- 微信
- 微博
  
  分享文章到微博
- 复制链接
  
  复制链接到剪贴板

Apache IoTDB开发系统之InfluxDB 协议适配器

小云悠悠zZ 发表于 2023/10/09 09:16:17 2023/10/09

【摘要】 InfluxDB-Protocol适配器以 IoTDB Java ServiceProvider 接口为底层基础，实现了 InfluxDB 的 Java 接口 interface InfluxDB，对用户提供了所有 InfluxDB 的接口方法，最终用户可以无感知地使用 InfluxDB 协议向 IoTDB 发起写入和读取请求。

0.引入依赖

<dependency>
<groupId>org.apache.iotdb</groupId>
<artifactId>influxdb-protocol</artifactId>
<version>1.0.0</version>
</dependency>

这里是一些使用 InfluxDB-Protocol 适配器连接 IoTDB 的示例open in new window。

1.切换方案

假如您原先接入 InfluxDB 的业务代码如下：

InfluxDB influxDB = InfluxDBFactory.connect(openurl, username, password);

您只需要将 InfluxDBFactory 替换为 IoTDBInfluxDBFactory 即可实现业务向 IoTDB 的切换：

InfluxDB influxDB = IoTDBInfluxDBFactory.connect(openurl, username, password);

2.方案设计

2.1 InfluxDB-Protocol适配器

该适配器以 IoTDB Java ServiceProvider 接口为底层基础，实现了 InfluxDB 的 Java 接口 interface InfluxDB，对用户提供了所有 InfluxDB 的接口方法，最终用户可以无感知地使用 InfluxDB 协议向 IoTDB 发起写入和读取请求。

architecture-design

class-diagram

2.2 元数据格式转换

InfluxDB 的元数据是 tag-field 模型，IoTDB 的元数据是树形模型。为了使适配器能够兼容 InfluxDB 协议，需要把 InfluxDB 的元数据模型转换成 IoTDB 的元数据模型。

2.2.1 InfluxDB 元数据

database: 数据库名。
measurement: 测量指标名。
tags : 各种有索引的属性。
fields : 各种记录值（没有索引的属性）。

influxdb-data

2.2.2 IoTDB 元数据

database：数据库。
path(time series ID)：存储路径。
measurement：物理量。

iotdb-data

2.2.3 两者映射关系

InfluxDB 元数据和 IoTDB 元数据有着如下的映射关系：

InfluxDB 中的 database 和 measurement 组合起来作为 IoTDB 中的 database。
InfluxDB 中的 field key 作为 IoTDB 中 measurement 路径，InfluxDB 中的 field value 即是该路径下记录的测点值。
InfluxDB 中的 tag 在 IoTDB 中使用 database 和 measurement 之间的路径表达。InfluxDB 的 tag key 由 database 和 measurement 之间路径的顺序隐式表达，tag value 记录为对应顺序的路径的名称。

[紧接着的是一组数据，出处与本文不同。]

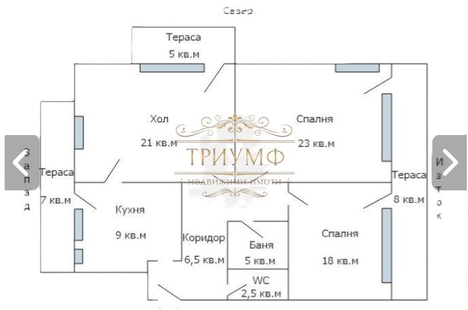 Площ: 103 кв.м. (реална ЧЖП по документ 85 кв.м., без терасите)

InfluxDB 元数据向 IoTDB 元数据的转换关系可以由下面的公示表示：

root.{database}.{measurement}.{tag value 1}.{tag value 2}...{tag value N-1}.{tag value N}.{field key}

influxdb-vs-iotdb-data

如上图所示，可以看出：

我们在 IoTDB 中使用 database 和 measurement 之间的路径来表达 InfluxDB tag 的概念，也就是图中右侧绿色方框的部分。

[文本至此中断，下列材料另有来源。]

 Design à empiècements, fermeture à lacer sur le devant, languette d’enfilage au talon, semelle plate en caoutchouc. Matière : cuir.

database 和 measurement 之间的每一层都代表一个 tag。如果 tag key 的数量为 N，那么 database 和 measurement 之间的路径的层数就是 N。我们对 database 和 measurement 之间的每一层进行顺序编号，每一个序号都和一个 tag key 一一对应。同时，我们使用 database 和 measurement 之间每一层 路径的名字 来记 tag value，tag key 可以通过自身的序号找到对应路径层级下的 tag value.

2.2.4 关键问题

在 InfluxDB 的 SQL 语句中，tag 出现的顺序的不同并不会影响实际的执行结果。

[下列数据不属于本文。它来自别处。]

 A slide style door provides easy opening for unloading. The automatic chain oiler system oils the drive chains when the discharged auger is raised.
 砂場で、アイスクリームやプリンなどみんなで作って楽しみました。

例如：insert factory, workshop=A1, production=B1 temperature=16.9 和 insert factory, production=B1, workshop=A1 temperature=16.9 两条 InfluxDB SQL 的含义（以及执行结果）相等。

但在 IoTDB 中，上述插入的数据点可以存储在 root.monitor.factory.A1.B1.temperature 下，也可以存储在 root.monitor.factory.B1.A1.temperature 下。因此，IoTDB 路径中储存的 InfluxDB 的 tag 的顺序是需要被特别考虑的，因为 root.monitor.factory.A1.B1.temperature 和 root.monitor.factory.B1.A1.temperature 是两条不同的序列。我们可以认为，IoTDB 元数据模型对 tag 顺序的处理是“敏感”的。

基于上述的考虑，我们还需要在 IoTDB 中记录 InfluxDB 每个 tag 对应在 IoTDB 路径中的层级顺序，以确保在执行 InfluxDB SQL 时，不论 InfluxDB SQL 中 tag 出现的顺序如何，只要该 SQL 表达的是对同一个时间序列上的操作，那么适配器都可以唯一对应到 IoTDB 中的一条时间序列上进行操作。

这里还需要考虑的另一个问题是：InfluxDB 的 tag key 及对应顺序关系应该如何持久化到 IoTDB 数据库中，以确保不会丢失相关信息。

解决方案：

tag key 对应顺序关系在内存中的形式

通过利用内存中的Map<Measurement, Map<Tag Key, Order>> 这样一个 Map 结构，来维护 tag 在 IoTDB 路径层级上的顺序。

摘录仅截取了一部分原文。